The No-Confidence Motion against Energy Minister Kumara Jayakody was defeated in Parliament on April 10 by a decisive 104-vote majority, with 153 MPs voting against the motion and 49 in favour.

The NCM — the first tabled under the NPP government — was presented by SJB MP Ajith P. Perera, citing alleged irregularities in coal procurement for the Lakvijaya Power Plant and a bribery indictment filed before the Colombo High Court. The government’s comfortable 159-seat parliamentary majority held firm, with no reported NPP defections.

During the debate, the government made a significant concession: Leader of the House Bimal Rathnayake announced the appointment of a Special Presidential Commission comprising sitting Supreme Court judges to investigate coal procurement from 2009 to the present. The commission’s scope covers procurements under the Mahinda Rajapaksa, Maithripala Sirisena, and Gotabaya Rajapaksa administrations — framing the government’s response as accountability-forward rather than a whitewash.

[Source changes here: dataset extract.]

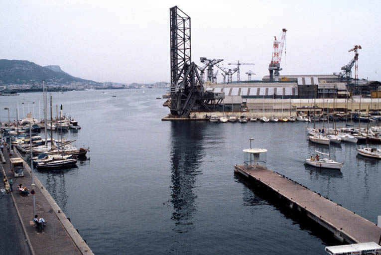 Les chantiers navals de la Seyne-sur-Mer sont créés en 1856 et produisent essentiellement des bâtiments pour la marine marchande. Le pont-levis est dessiné en 1914 et construit de 1915 à 1917 par l'entreprise Daydé et Pillé pour les Forges et Chantiers de la Méditerranée. Destiné à conduire la ligne du chemin de fer du PLM jusqu'aux chantiers navals, l'ouvrage métallique, financé par les dommages de la guerre, comporte une travée levante de 40 mètres de portée, pesant 123 tonnes, mue par un moteur électrique. Les pivots des articulations ont été changés en 1927 et en 1961, mais, n'étant plus en usage depuis la fermeture des chantiers navals dans les années 1980, le pont est mal entretenu et reste en position levée.

The 49 votes in favour exceeded the SJB’s approximately 40 seats, suggesting some SLPP members joined the opposition — consistent with G.L. Peiris’s earlier call for Jayakody’s resignation. The SJB staged a protest near Parliament before the session.

The IMF’s Mission Chief Peter Papageorgiou separately flagged coal quality as a driver of higher power costs on the same day, adding international scrutiny to the domestic political debate. A COPE audit had earlier quantified coal-related efficiency losses at Rs. 2.24 billion.